Dataset items
_____

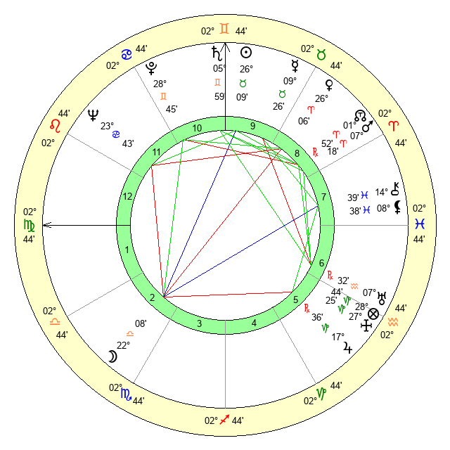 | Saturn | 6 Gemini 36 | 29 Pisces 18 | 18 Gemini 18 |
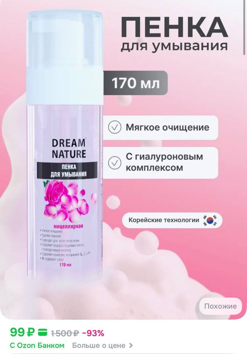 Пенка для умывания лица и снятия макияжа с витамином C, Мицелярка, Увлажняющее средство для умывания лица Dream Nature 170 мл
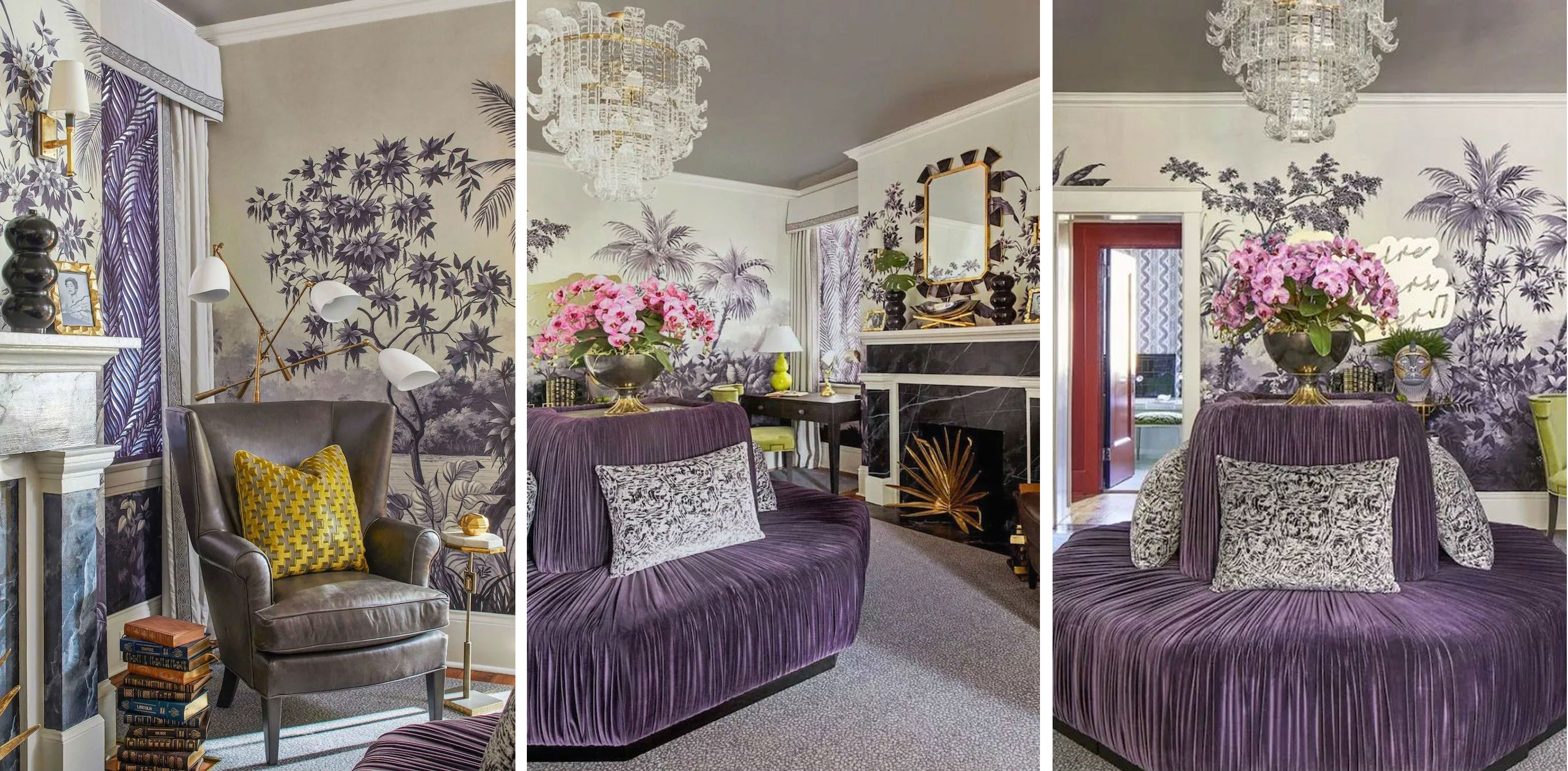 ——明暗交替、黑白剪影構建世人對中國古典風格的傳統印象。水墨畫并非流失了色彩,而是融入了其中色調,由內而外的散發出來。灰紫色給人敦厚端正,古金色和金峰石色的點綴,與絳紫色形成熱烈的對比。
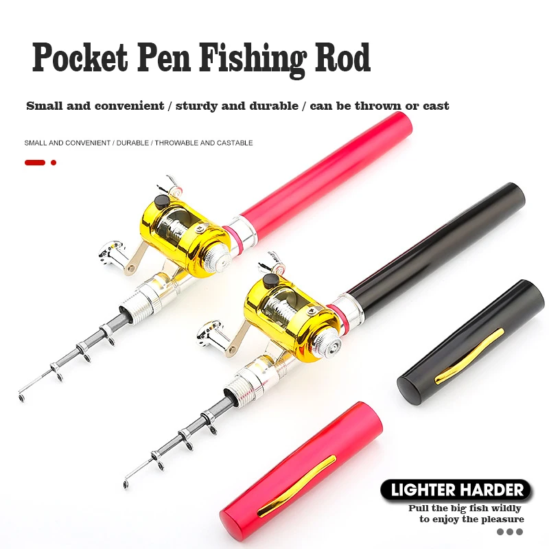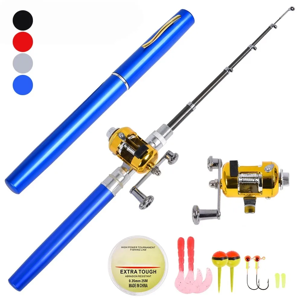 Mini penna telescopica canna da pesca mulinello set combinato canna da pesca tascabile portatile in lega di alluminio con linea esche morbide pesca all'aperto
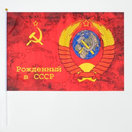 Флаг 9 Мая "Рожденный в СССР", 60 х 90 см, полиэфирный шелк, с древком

_____

#### What is needed:
Output the records above exactly as written, but leave out the pictures.

#### Result of the exercise:
 | Saturn | 6 Gemini 36 | 29 Pisces 18 | 18 Gemini 18 |
 Пенка для умывания лица и снятия макияжа с витамином C, Мицелярка, Увлажняющее средство для умывания лица Dream Nature 170 мл
 ——明暗交替、黑白剪影構建世人對中國古典風格的傳統印象。水墨畫并非流失了色彩,而是融入了其中色調,由內而外的散發出來。灰紫色給人敦厚端正,古金色和金峰石色的點綴,與絳紫色形成熱烈的對比。
 Mini penna telescopica canna da pesca mulinello set combinato canna da pesca tascabile portatile in lega di alluminio con linea esche morbide pesca all'aperto
 Флаг 9 Мая "Рожденный в СССР", 60 х 90 см, полиэфирный шелк, с древком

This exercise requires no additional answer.